On Tue, Feb 19, 2008 at 09:32:16AM +0900, Lionel Bouton wrote:
> Philipp Hofmann wrote:
>> Here is my solution. Although it uses a brute force approach if the
>> first attempts (driven by obvious constraints) of determining the
>> circle fail, it scales on larger sets, because the given equal
>> distibution of random points form an approximate square on these
>> sets.
>
> Wow, that was awfully fast for the random distribution, it takes more  
> time to display the result than computing it even on 10000 points !
>
> On badly shaped point clouds it suffers greatly, I couldn't get it to  
> compute the circle for 1000 points if I feed it with :

What you call a 'badly shaped point clouds' is in fact an approximate
circle.
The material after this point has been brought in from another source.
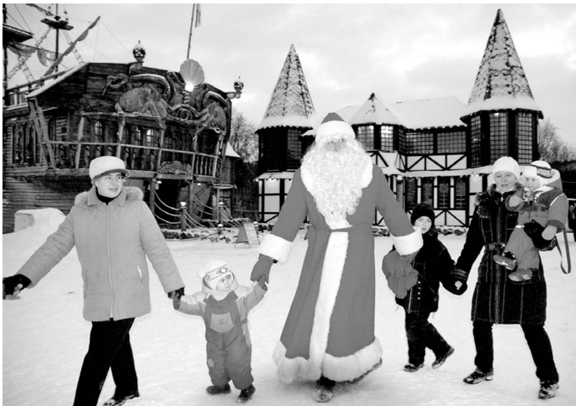
На новогодних каникулах возле кафе «Ангел» традиционно работает детская площадка с Дедом Морозом.

Вместе с обустройством кафе бизнес-леди привела в порядок и прилегающую территорию, превратив ее в настоящий оазис. Теперь в теплое время года, сидя за чашкой кофе, посетители
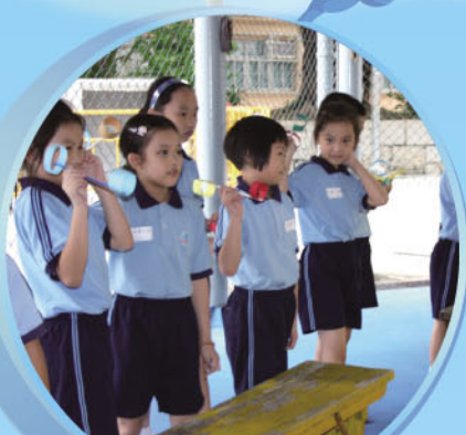
三年級：飲管飛行器

It is true that this is the worst case for convex hull based
approaches because in this case the convex hull has lots of points.

It would be nice to have an algorithm that produces random
distibutions that form arbitrary polygons. But I guess that's a task
for another quiz.

As I mentioned in one of my comments in the code, right before it goes
into brute force, I prefer using Clarkson's probabilistic aproach here.

So here is my improved version, still based on convex hulls but also
able to deal with circular shaped distributions.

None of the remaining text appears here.